EXERCISE BRIEF:
Go to the line containing "ビジネスバッグ レザー ブリーフケース" in the material below. From there to the end, retype every line exactly and drop the pictures.

# # # # #

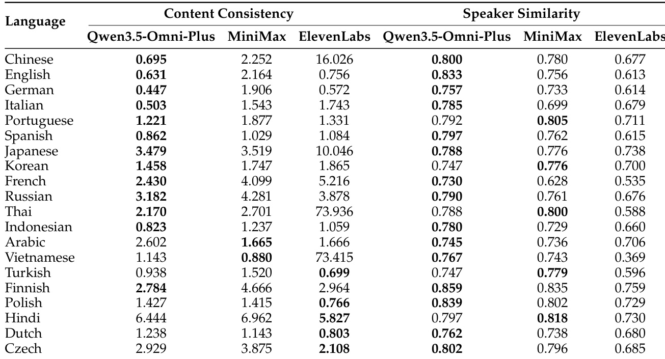 该表比较了 Qwen3.5-Omni-Plus 与其他系统在多种语言下的多语言语音生成性能,衡量了内容一致性和说话人相似度。结果显示,Qwen3.5-Omni-Plus 在大多数语言中实现了具有竞争力的内容一致性和卓越的说话人相似度,特别是在日语和韩语方面表现出色。Qwen3.5-Omni-Plus 在 29 种语言中的 22 种中实现了最低的词错误率,表明了强大的内容一致性。Qwen3.5-Omni-Plus 在说话人相似度方面优于其他系统,尤其是在日语和韩语中。该模型在多种语言中保持了高性能,展示了强大的多语言泛化能力。
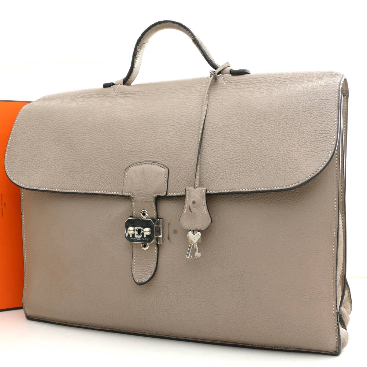 > HERMES エルメス サック ア デペッシュ 41 トリヨンクレマンス エトゥープ シルバー金具 □K刻印 ビジネスバッグ レザー ブリーフケース
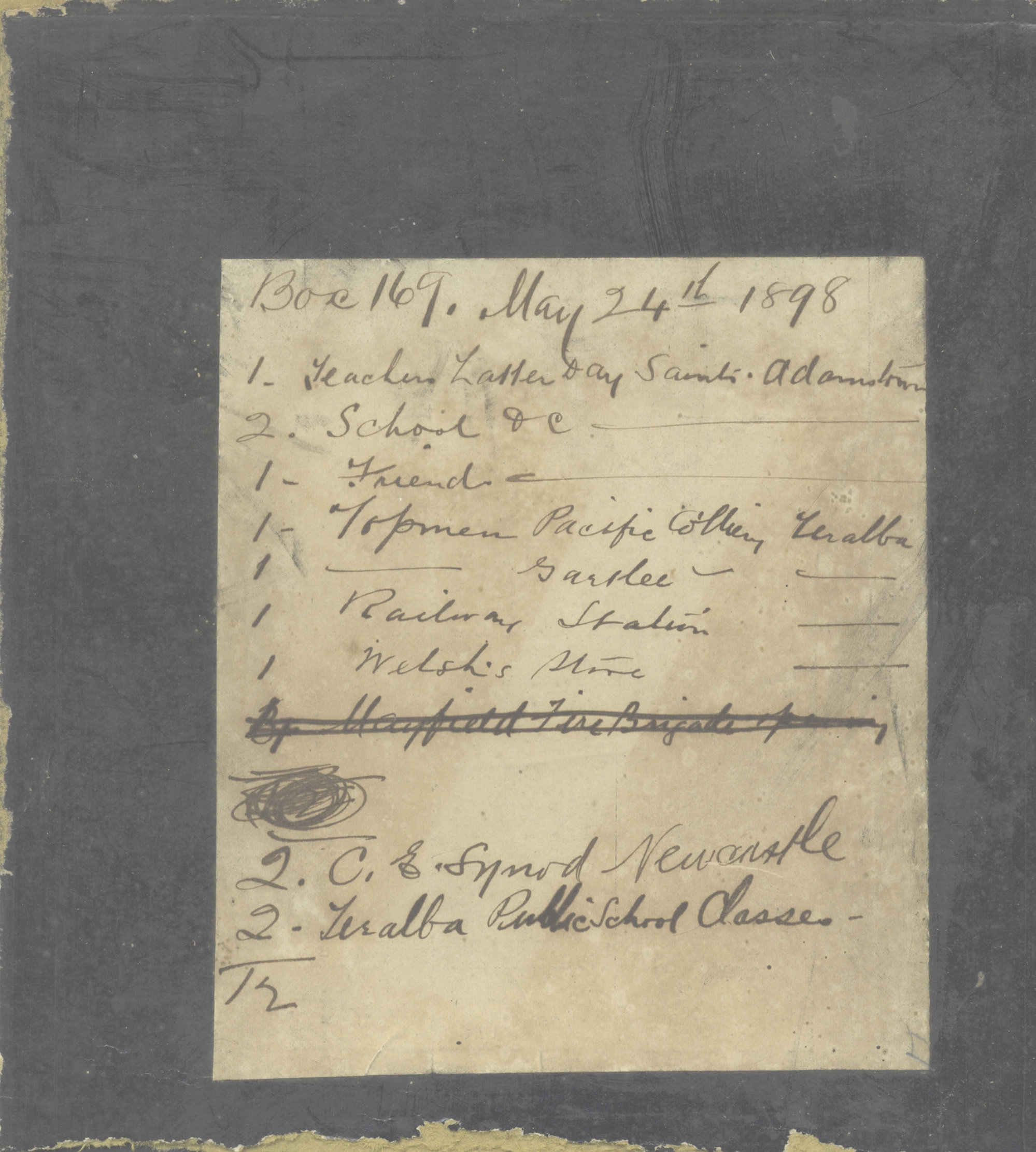 Ralph Snowball Collection, original glass plate box listing, Box 169, 24 May 1898 (24th May 1898). Living Histories, accessed 19/03/2026, https://livinghistories.newcastle.edu.au/nodes/view/45172
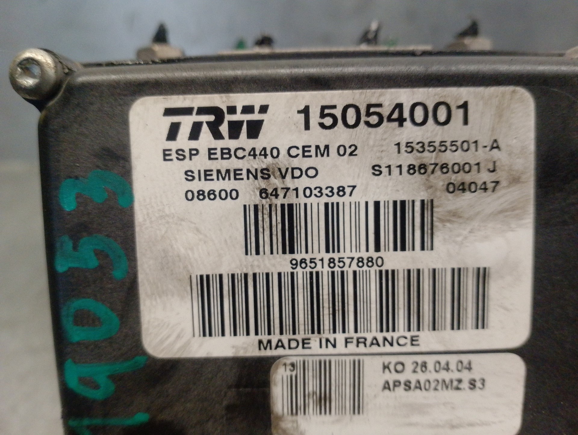 ABS PEUGEOT 407 9651857880 | 15054001 | TRW TELEPECAS Referenz: 12481679 23 Out 2023 |
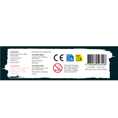 100 cartas de 63,5×88,9 mm, 162 fichas y 12 piezas, 109 fichas des madera, 1 reglamento

# # # # #

EXERCISE RESULT:
 > HERMES エルメス サック ア デペッシュ 41 トリヨンクレマンス エトゥープ シルバー金具 □K刻印 ビジネスバッグ レザー ブリーフケース
 Ralph Snowball Collection, original glass plate box listing, Box 169, 24 May 1898 (24th May 1898). Living Histories, accessed 19/03/2026, https://livinghistories.newcastle.edu.au/nodes/view/45172
 ABS PEUGEOT 407 9651857880 | 15054001 | TRW TELEPECAS Referenz: 12481679 23 Out 2023 |
 100 cartas de 63,5×88,9 mm, 162 fichas y 12 piezas, 109 fichas des madera, 1 reglamento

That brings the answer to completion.